In September, YouTube changed its policies to require users to log in to their Google+ accounts before they could leave a comment on one of the videos uploaded to the site.
From a business perspective, the move gave Google increased access to highly coveted mobile user data by allowing it to collect information from users who log in to Google+ on their iPhones to comment on YouTube (and then forget to log out as they go about their lives).
But the decision is also helping Google achieve another one of its goals: Shutting up YouTube's notoriously barbaric anonymous commenters. According to YouTube partner vidIQ, YouTube has received 40% fewer comments since it implemented the policy changes, a stunning drop that took place in less than two months.

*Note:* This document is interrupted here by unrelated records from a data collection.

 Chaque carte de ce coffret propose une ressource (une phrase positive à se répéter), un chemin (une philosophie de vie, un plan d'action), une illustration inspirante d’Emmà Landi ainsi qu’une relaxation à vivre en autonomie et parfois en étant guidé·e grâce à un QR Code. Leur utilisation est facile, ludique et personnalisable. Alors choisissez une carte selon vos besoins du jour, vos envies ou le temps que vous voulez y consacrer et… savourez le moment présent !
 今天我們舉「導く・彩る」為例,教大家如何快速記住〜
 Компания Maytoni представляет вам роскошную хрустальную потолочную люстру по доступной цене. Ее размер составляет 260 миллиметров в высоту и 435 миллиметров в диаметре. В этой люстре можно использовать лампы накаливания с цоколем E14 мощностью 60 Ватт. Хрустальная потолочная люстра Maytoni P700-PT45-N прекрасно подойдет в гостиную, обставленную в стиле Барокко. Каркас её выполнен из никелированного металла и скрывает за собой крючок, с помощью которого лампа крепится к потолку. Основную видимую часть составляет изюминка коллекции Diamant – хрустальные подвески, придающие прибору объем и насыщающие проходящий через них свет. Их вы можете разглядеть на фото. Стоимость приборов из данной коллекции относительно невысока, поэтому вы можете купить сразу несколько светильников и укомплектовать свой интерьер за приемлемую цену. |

The eyebrow-raising statistic, reported by Adweek's Garrett Sloane, confirms that people are much less courageous about making racist, sexist, homophobic, and altogether vile comments in public when there's a chance those comments could get linked back to their offline person.
It also makes YouTube more attractive to major brands who might want to advertise on the site, an initiative the company has taken quite seriously lately in light of recent deals with big-time media buyers and its hiring of an executive from consumer goods giant Procter & Gamble.

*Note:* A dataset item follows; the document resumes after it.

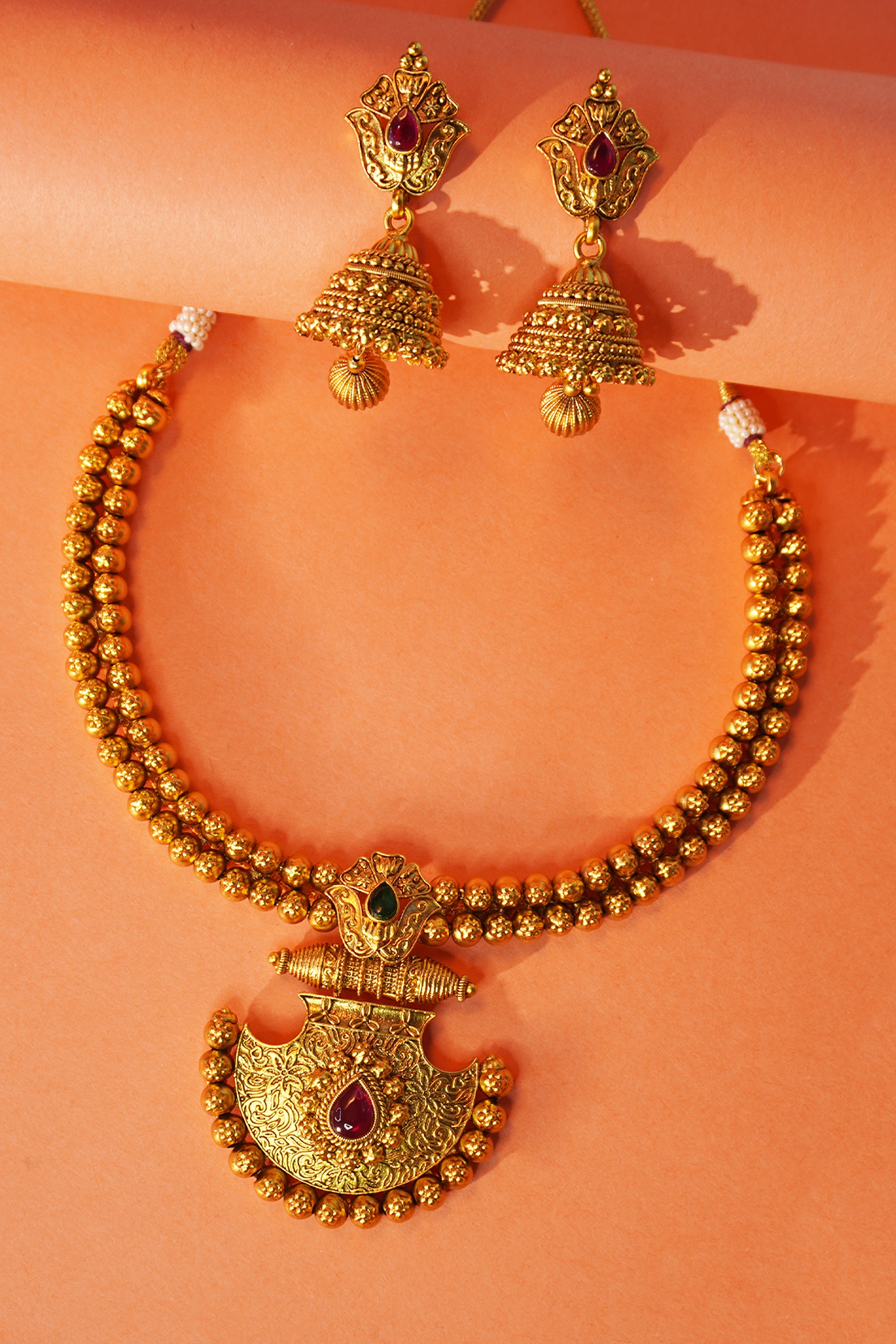 The love of Indian women that is gold jewellery is the symbol of love and elegance. This golden necklace set is here for you to flaunt your Indianness. It is finely and highly polished with gold. And the traditional necklace set is studded with golden moti and red and green stones. The double moti dori adds to the beauty and uniqueness. The jhumkas show the perfect pair and can be adorned individually. It is comfortable to wear because of its lightweight.

In the past, brands have had to worry about having their content placed beside hateful anonymous comments, as happened when Cheerios posted a ground-breaking ad earlier this year featuring a mixed-race family. The new comment policy gives them greater confidence that investing in YouTube ads and sponsored content will not get wasted amidst a sea of ignorance, making them that much more likely to give YouTube more of their money.